魔女は夜ささやく 33.34冊目

魔女は夜ささやく〈上〉

魔女は夜ささやく〈上〉

魔女は夜ささやく〈下〉

魔女は夜ささやく〈下〉

 上巻に3週間、下巻に2日かけて読了。
 物語の舞台は17世紀末のアメリカ、カロライナ地方。数年前に新たに開拓された町ファウント・ロイヤルでは2件の殺人の罪で魔女<レイチェル・ハワース>が囚われていた。
近隣の港町チャールズタウンの判事<アイザック・ウッドワード>とその書記でありこの物語の主人公<マシュー・コーベット>の二人は法による「文明的」な捌きを下す為にファウント・ロイヤルへと出立する。
ファウント・ロイヤルに着くまでには、インディアンと猛獣が徘徊するらしい深い森を抜けていかなければならない。そうしてやっとたどり着いた町は長く降り続く雨による不作、頻発する不審火、それらを含めた魔女への恐怖から町を出て行く住人も少なくない。
 17世紀末といえば中世で起こった魔女狩りは徐々に下火になってきている時期だが、こうした閉鎖された町では魔女への恐怖はいまだに大きな影響力を持つ。住人たちの多くが「魔女はいつ焼かれるのか?」「今すぐ魔女を火刑に処すればこの町には再び平和が訪れる」とするなかで、判事<アイザック・ウッドワード>と書記<マシュー・コーベット>は調査を開始する。彼女は町の住人に、サタンとの密会を目撃されており、物的証拠も揃っている。しかし、書記<マシュー・コーベット>は調査を進めていくにつれ彼女<レイチェル・ハワース>は魔女でないと確信するに至り、判事<アイザック・ウッドワード>とは立場を異にしていく。

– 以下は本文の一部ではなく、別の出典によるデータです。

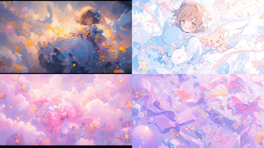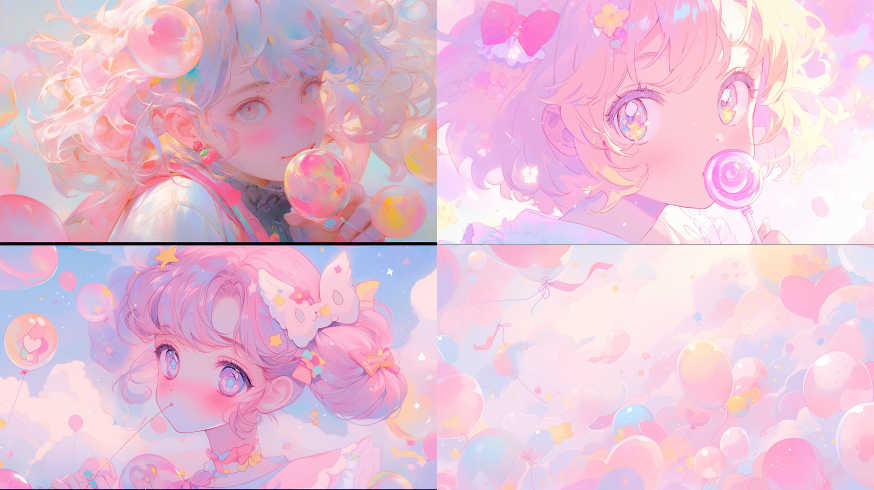 Midjourney Bot 更新时间:2023-09-01 01:01the picture is done in pink, in the style of Card Captor Sakura manga style, KINOMOTO SAKURA,bubbles,lollipop, blink-and-you-miss-it detail,kawaii aesthetic, high-keyed palette,precisionist art ,Dream colors,low saturation ,Pastel,oil painting , ,purple and yellow tones --ar 16:9 --niji 5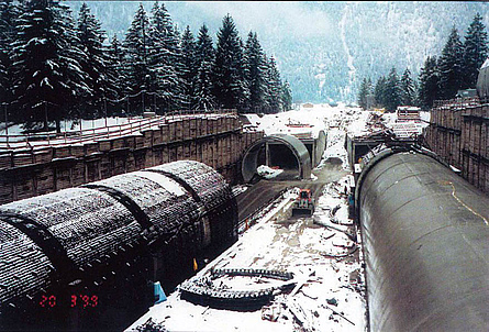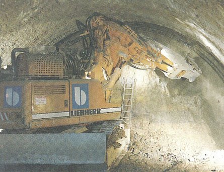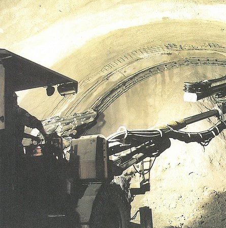 Das endgültige Tragsystem, die Betoninnenschale, wurde später nachgezogen. Im Felsbereich erfolgte ein Sprengvortrieb in der Kalotte mit Abschlagslängen von 1,0-2,5 m. Bei durchschnittlich vier Abschlägen pro Arbeitstag von 24 Stunden konnte so eine Vortriebsleistung von ca. 6-10 m arbeitstäglich erreicht werden.
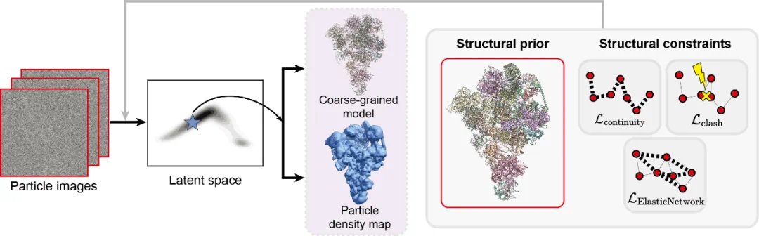 CryoSTAR 是首个成功在冷冻电镜实验数据上应用蛋白质原子结构模态先验的方法,方法的主要特点有: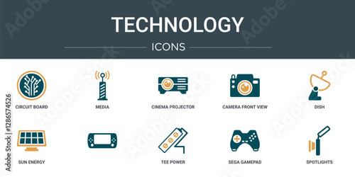 set of 10 outline web technology icons such as circuit board, media, cinema projector, camera front view, dish, sun energy, vector icons for report, presentation, diagram, web design, mobile app

「あたたはほんとうに――一点の疑いもなく――レイチェルは魔女だと信じているのですか?」
「お前の質問は……感情に傾きすぎている。わたしには、法を支え、法の定めたところを実行する責任がある。証拠が彼女は魔女であるといっている……よって、最大限厳格に法を適用しなければならん」

 1頁二段組、上下巻合わせて813頁の大作。上巻では、これでもかというほど謎がばら撒かれ、なんだかよくわからないけど大興奮。興奮しすぎて体力を消耗するので移動中の電車内でちょびちょび読み進めて約3週間。その謎が解き明かされていく下巻は一気に読んでしまった。ご馳走様でした。もともとホラー作家として活躍していた作家だけに、ファント・ロイヤルを取り巻く中世的な、暗く閉鎖された町の雰囲気がいい感じ。また、孤児院育ちの書記<マシュー・コーベット>とマシューを引き取り育てた判事<アイザック・ウッドワード>の擬似父と息子の関係にも注目。
 他の作品も読みたいんだが、近所の図書館には置いてないし、本屋にも当然ないし、どうしたもんか。ジュンク堂とかいきゃあるのかしら。